| Input data |
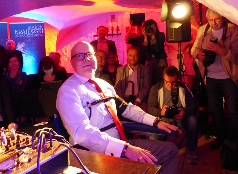 W poniedziałek 21 września 2015 w piwnicach Zamku Książąt Pomorskich w Darłowie odbyła się prapremiera najnowszej powieści kryminalnej Marka Krajewskiego pt. „Arena szczurów”. Pierwsze spotkanie z dziennikarzami zostało połączone z badaniem autora kryminałów za pomocą wariografu, a drugie autorskie odbyło się z Czytelnikami.
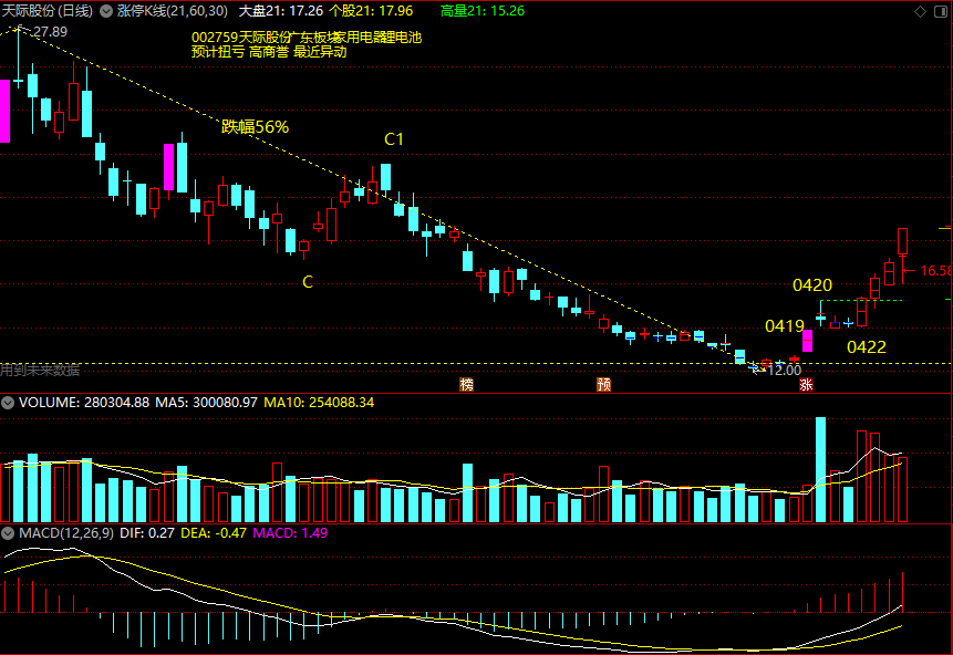 1、0419涨停板之后,次日收出一个十字星,当天收出一根近期的绝对高量,这再次引起我的强烈关注,核心在于2点:一是当天是高量,高量就是主力所为,就是异动;二是当天的收盘价还是在涨停板的上方。可以看做是假阴真阳,洗盘性质明显。
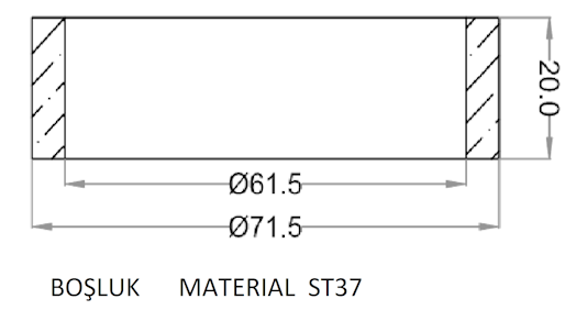 ST37 malzemesinden 5 mm et kalınlığında 20 mm genişliğinde boşluk parçası
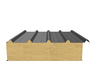Толщина кровельных сэндвич-панелей варьируется от 50 до 300 мм, что позволяет выбрать оптимальное решение под регион эксплуатации и особенности объекта. Утеплитель из минеральной ваты обеспечивает надёжную тепло- и звукоизоляцию, а жесткие внешние оцинкованные металлические листы с антикоррозийным полимерным покрытием устойчивы к влаге, ультрафиолету и механическим повреждениям. Специальный профиль верхнего листа формирует дополнительное ребро жёсткости и улучшает водоотвод, препятствуя застою осадков на крыше.

| Exercise directions |
All of the data must be set down exactly, with no pictures included.

| Solved problem |
 W poniedziałek 21 września 2015 w piwnicach Zamku Książąt Pomorskich w Darłowie odbyła się prapremiera najnowszej powieści kryminalnej Marka Krajewskiego pt. „Arena szczurów”. Pierwsze spotkanie z dziennikarzami zostało połączone z badaniem autora kryminałów za pomocą wariografu, a drugie autorskie odbyło się z Czytelnikami.
 1、0419涨停板之后,次日收出一个十字星,当天收出一根近期的绝对高量,这再次引起我的强烈关注,核心在于2点:一是当天是高量,高量就是主力所为,就是异动;二是当天的收盘价还是在涨停板的上方。可以看做是假阴真阳,洗盘性质明显。
 ST37 malzemesinden 5 mm et kalınlığında 20 mm genişliğinde boşluk parçası
Толщина кровельных сэндвич-панелей варьируется от 50 до 300 мм, что позволяет выбрать оптимальное решение под регион эксплуатации и особенности объекта. Утеплитель из минеральной ваты обеспечивает надёжную тепло- и звукоизоляцию, а жесткие внешние оцинкованные металлические листы с антикоррозийным полимерным покрытием устойчивы к влаге, ультрафиолету и механическим повреждениям. Специальный профиль верхнего листа формирует дополнительное ребро жёсткости и улучшает водоотвод, препятствуя застою осадков на крыше.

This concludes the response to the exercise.